### Task requirements
Further down are entries; set down exactly and only the lines from the one with "Sej Globe hjelm" up to and including the one with "Elevate your wardrobe", dropping each picture.

### Input
======

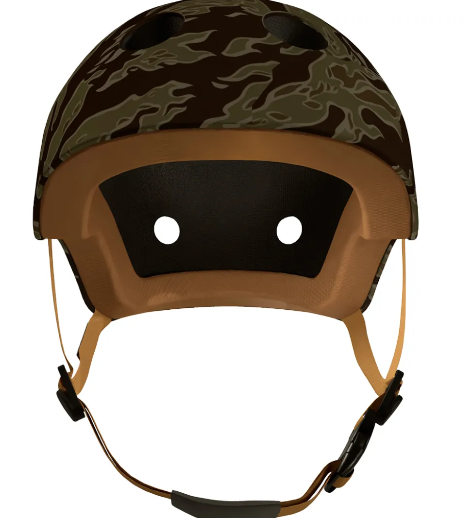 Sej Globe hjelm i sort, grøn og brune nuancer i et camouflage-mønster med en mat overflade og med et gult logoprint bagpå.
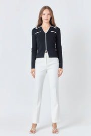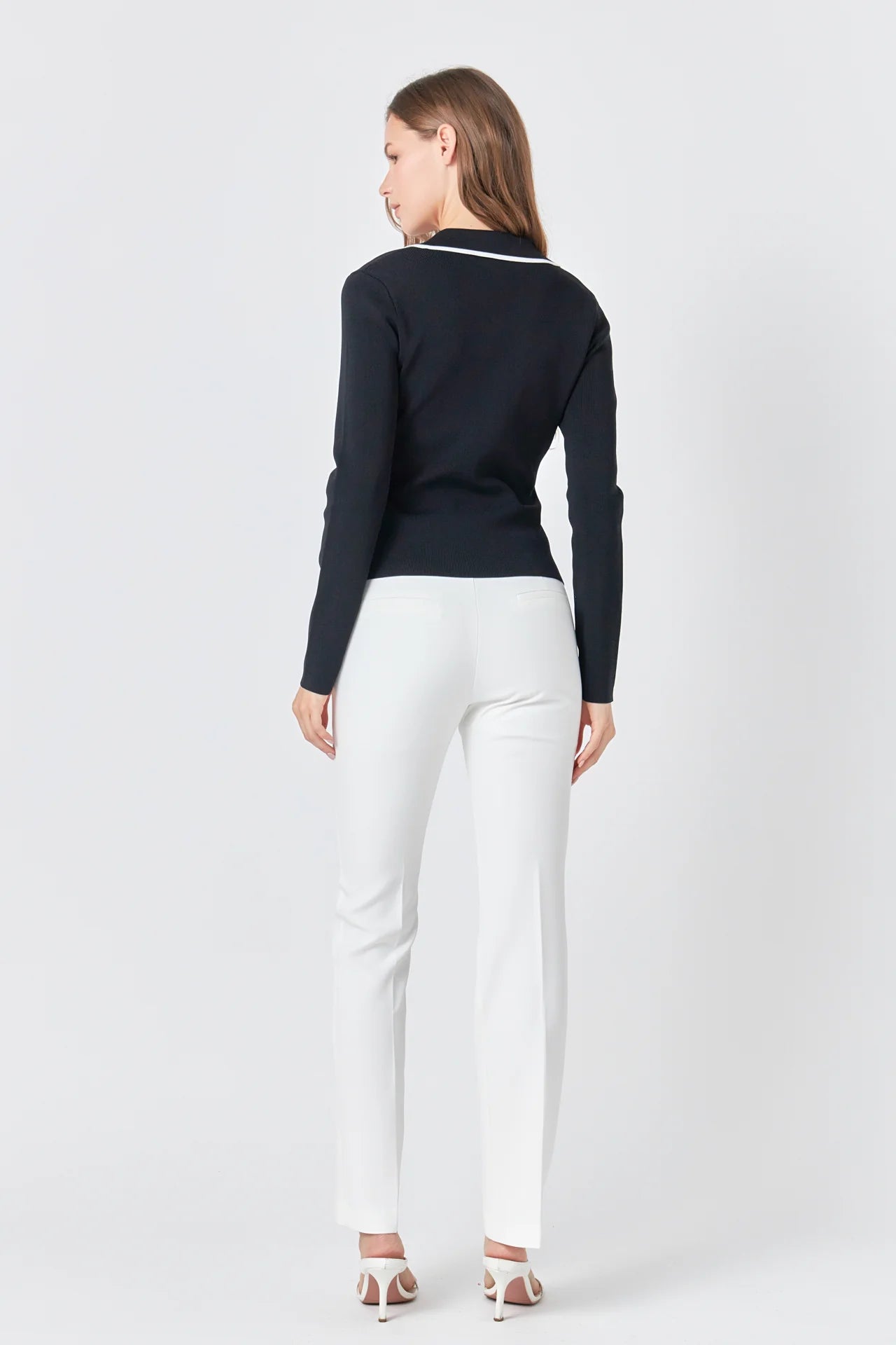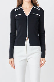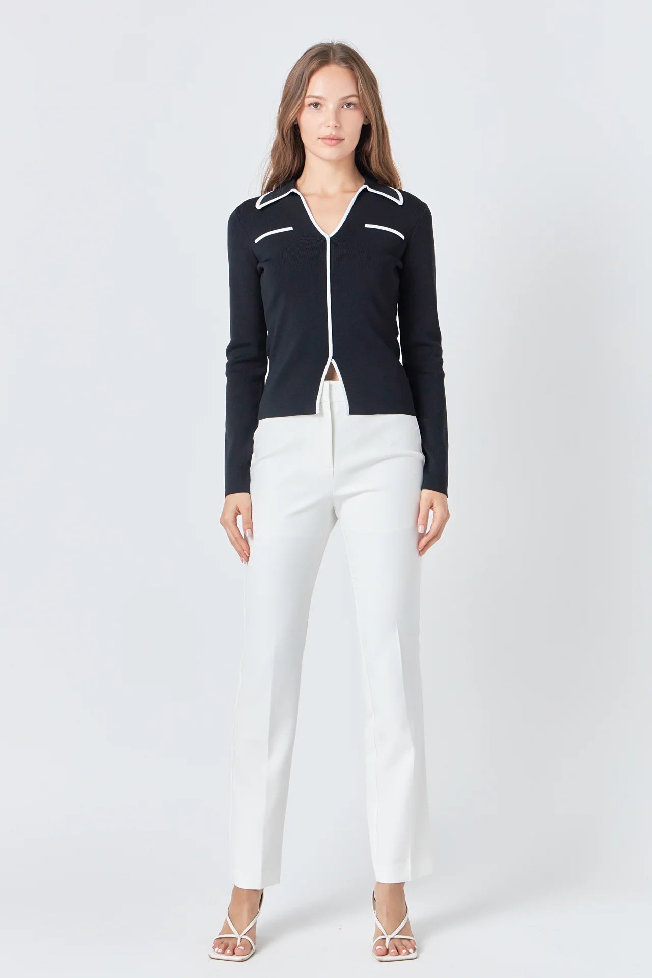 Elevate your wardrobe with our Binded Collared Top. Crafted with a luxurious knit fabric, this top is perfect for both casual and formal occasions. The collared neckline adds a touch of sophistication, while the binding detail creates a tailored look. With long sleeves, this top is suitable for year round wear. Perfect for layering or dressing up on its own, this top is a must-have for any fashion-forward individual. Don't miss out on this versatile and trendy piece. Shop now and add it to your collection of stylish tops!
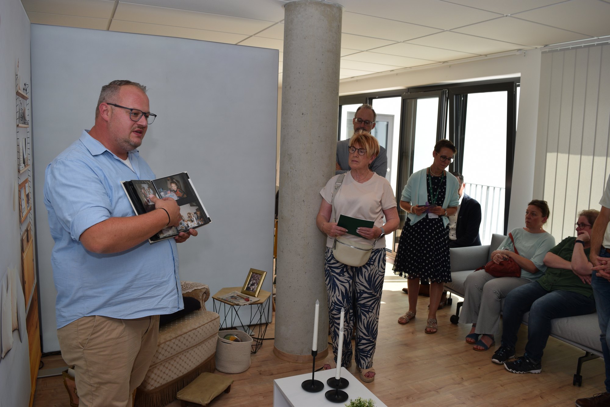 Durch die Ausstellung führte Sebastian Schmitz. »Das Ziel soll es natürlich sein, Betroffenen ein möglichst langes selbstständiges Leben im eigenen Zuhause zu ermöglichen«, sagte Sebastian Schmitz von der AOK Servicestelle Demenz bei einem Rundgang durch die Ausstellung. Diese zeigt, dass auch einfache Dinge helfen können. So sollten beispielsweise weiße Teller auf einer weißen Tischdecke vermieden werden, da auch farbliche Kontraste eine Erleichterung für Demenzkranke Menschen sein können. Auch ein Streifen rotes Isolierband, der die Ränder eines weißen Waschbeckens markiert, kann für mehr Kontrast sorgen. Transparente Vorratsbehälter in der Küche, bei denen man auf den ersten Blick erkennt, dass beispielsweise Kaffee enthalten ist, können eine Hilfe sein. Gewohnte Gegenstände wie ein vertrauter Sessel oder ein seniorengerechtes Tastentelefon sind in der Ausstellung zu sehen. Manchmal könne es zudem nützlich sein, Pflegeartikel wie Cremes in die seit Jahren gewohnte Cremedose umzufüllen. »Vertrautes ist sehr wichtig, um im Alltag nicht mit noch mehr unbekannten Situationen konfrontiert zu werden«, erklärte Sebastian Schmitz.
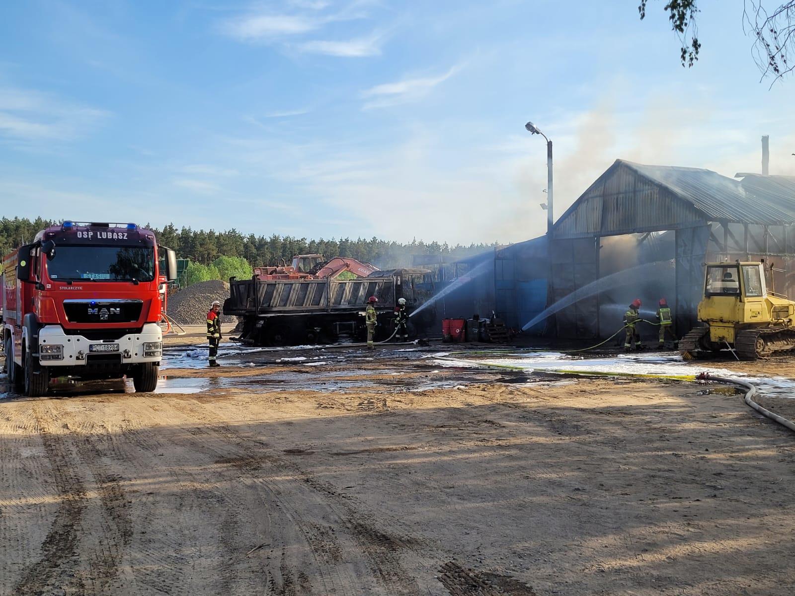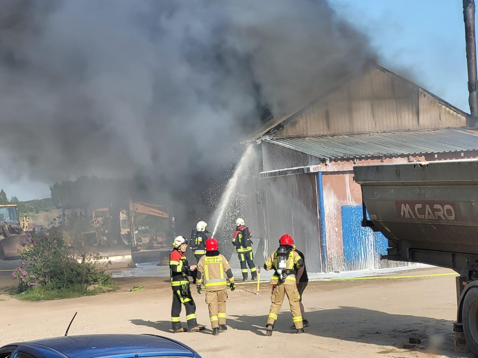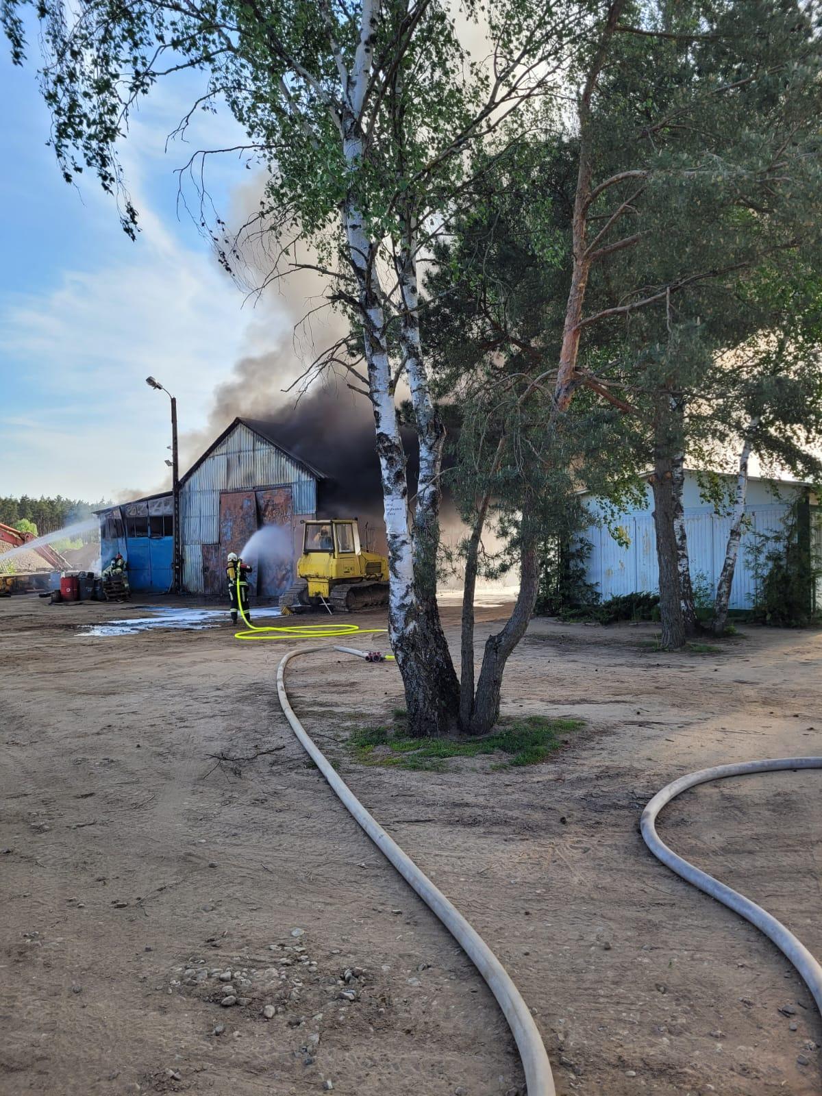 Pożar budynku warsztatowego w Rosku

======

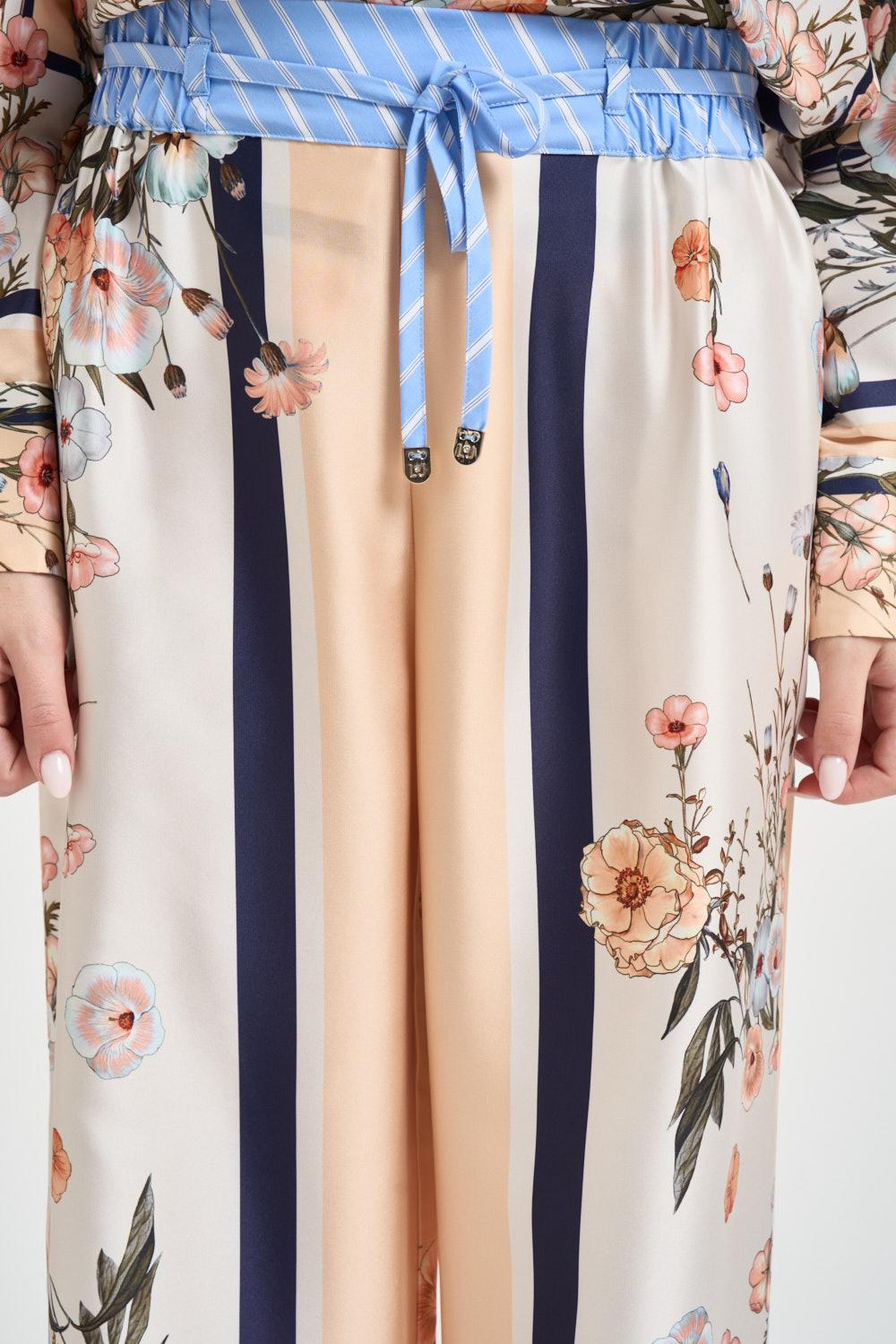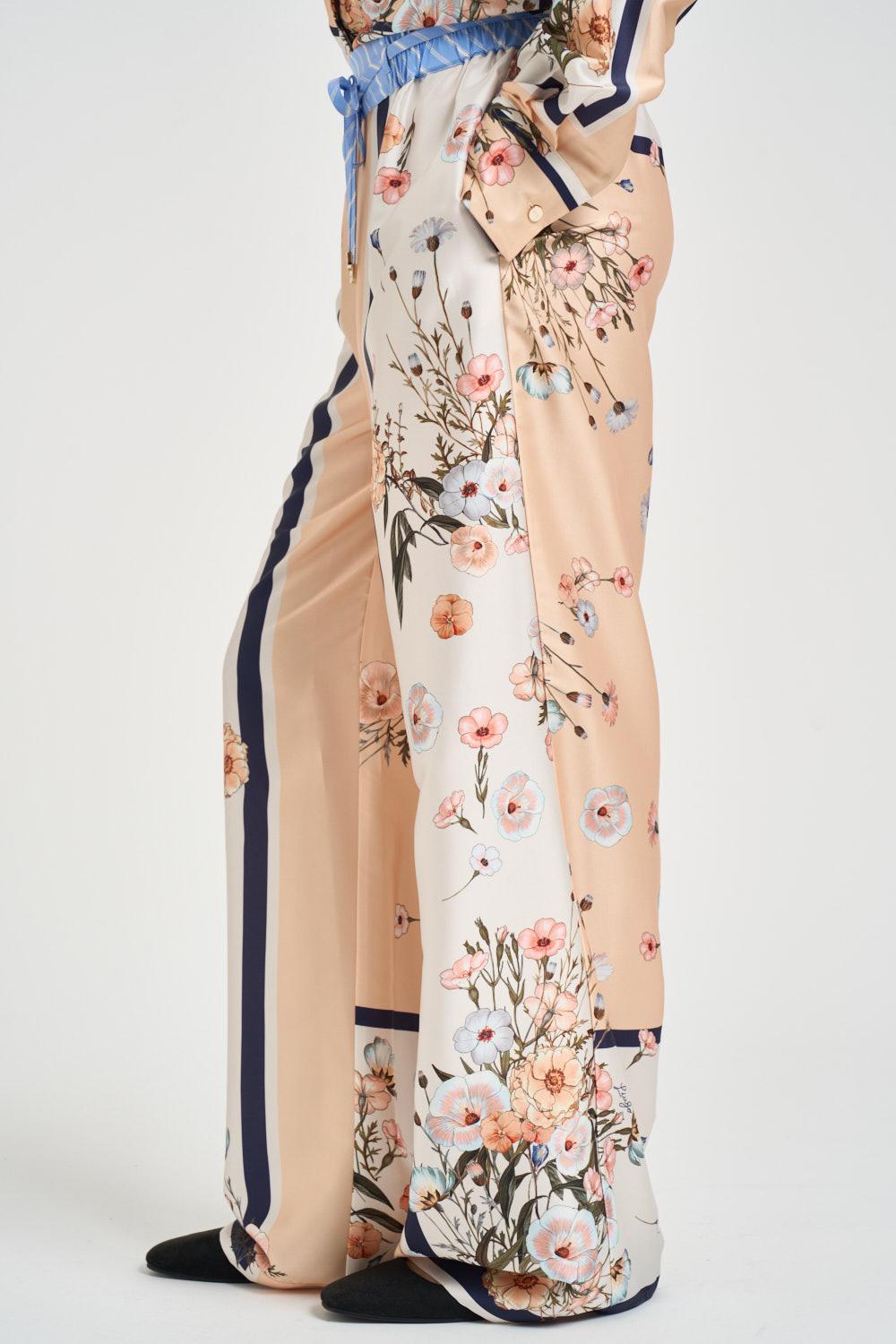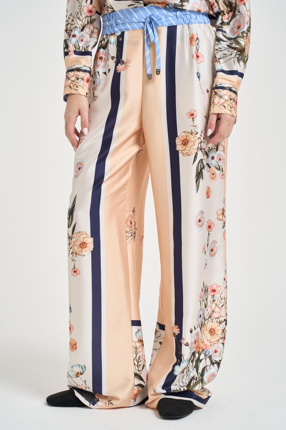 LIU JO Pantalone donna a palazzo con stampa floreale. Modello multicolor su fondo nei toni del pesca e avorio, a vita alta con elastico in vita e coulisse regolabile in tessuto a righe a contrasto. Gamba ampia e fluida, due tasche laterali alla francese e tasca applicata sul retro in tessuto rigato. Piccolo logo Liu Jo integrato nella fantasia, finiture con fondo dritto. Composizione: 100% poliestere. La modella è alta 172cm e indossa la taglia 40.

======

### Response below
 Sej Globe hjelm i sort, grøn og brune nuancer i et camouflage-mønster med en mat overflade og med et gult logoprint bagpå.
 Elevate your wardrobe with our Binded Collared Top. Crafted with a luxurious knit fabric, this top is perfect for both casual and formal occasions. The collared neckline adds a touch of sophistication, while the binding detail creates a tailored look. With long sleeves, this top is suitable for year round wear. Perfect for layering or dressing up on its own, this top is a must-have for any fashion-forward individual. Don't miss out on this versatile and trendy piece. Shop now and add it to your collection of stylish tops!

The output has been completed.